You my use my compiled version if you want: PyramidStack.class.

You will still need the Node and Stack .java files and to compile them. When you submit to Tamarin, you must include PyramidStack.class in your jar file. (Do not include any incomplete file in this case, since it would overwrite the working PyramidStack.class file when Tamarin compiles all your submitted .java files.)

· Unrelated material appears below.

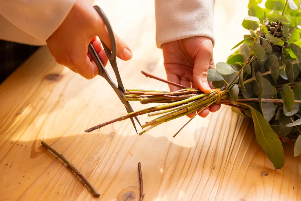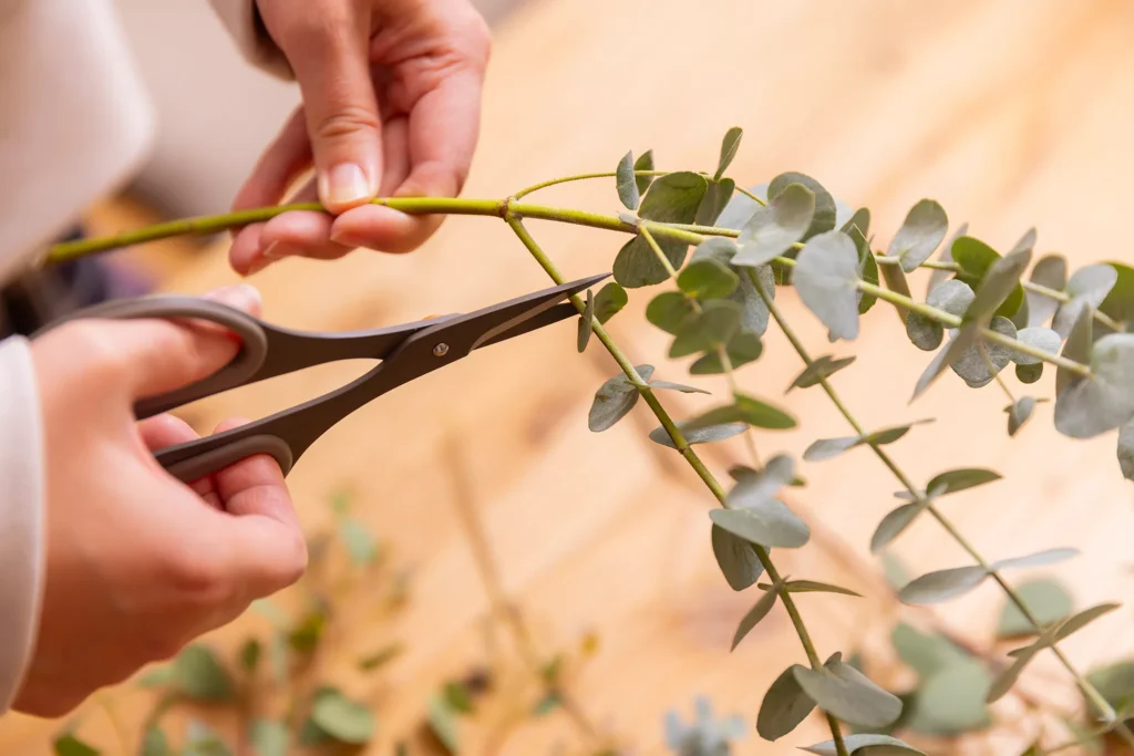 ユーカリを仕上げたいサイズに合わせて切り分け、下葉を取ります。

This algorithm is still giving me trouble. Can you give me some more help here?
While it is possible to implement this differently (such as with a recursive form of the Towers of Hanoi algorithm), it can become very tricky if you start tinkering around. I strongly recommend you implement the algorithm as described. Here's a more specific rewrite of what was given above:
public void add(Meep newcomer, ...):
    push newcomer into shaft(1)
    if shaft(0) is empty or if newcomer is smaller than shaft(0)'s top meep:
        move newcomer from shaft(1) to shaft(0)
        //a flurry is required
        //track which shaft (index) tiny meep is in
        tiny = 0  

        //determine which direction tiny meep will move during this flurry
        if shaft(tiny) countLessThan newcomer is even:
            move = -1   //left
            move = 1   //right
        while there are still meeps in shaft(1) or shaft(2):
            //run the flurry.  Two steps every turn:
            //step 1
            move tiny meep to next shaft  //use tiny and move variables to do this
                                          //remember to update tiny variable to new loc
            //step 2: move one other meep (maybe) between other two non-tiny shafts
            determine indexes of other two shafts that don't contain tiny
            if both of other shafts are empty:
                //do nothing
            else if one of the shafts is empty and other shaft's meep is <= newcomer:
                move other meep into the empty shaft
                //both shafts have a meep
                move the smaller meep (if <= newcomer) from one to the other shaft

Note that this does not include any of the required printing details. Also, not every if given here will necessarily map to an if in your code. For example, "else if one of the shafts is empty" might become:

  else if shaft(other1) is empty...  
  else if shaft(other2) is empty...
Also, you can break this method into pieces. For example, as mentioned above, it would be a good idea to move the last part above into an moveOtherMeeps(int tiny, Meep newcomer) method that computes the indices of the other two non-tiny stacks, determines whether the move (of a Meep smaller than newcomer) is required, and if so, executes the move.
Wait, so I only determine the Tiny Meep's direction once per flurry?
Yes, that's right. Determine the tiny meep's direction before you start the flurry. The tiny meep then keeps moving in that direction for the entire flurry.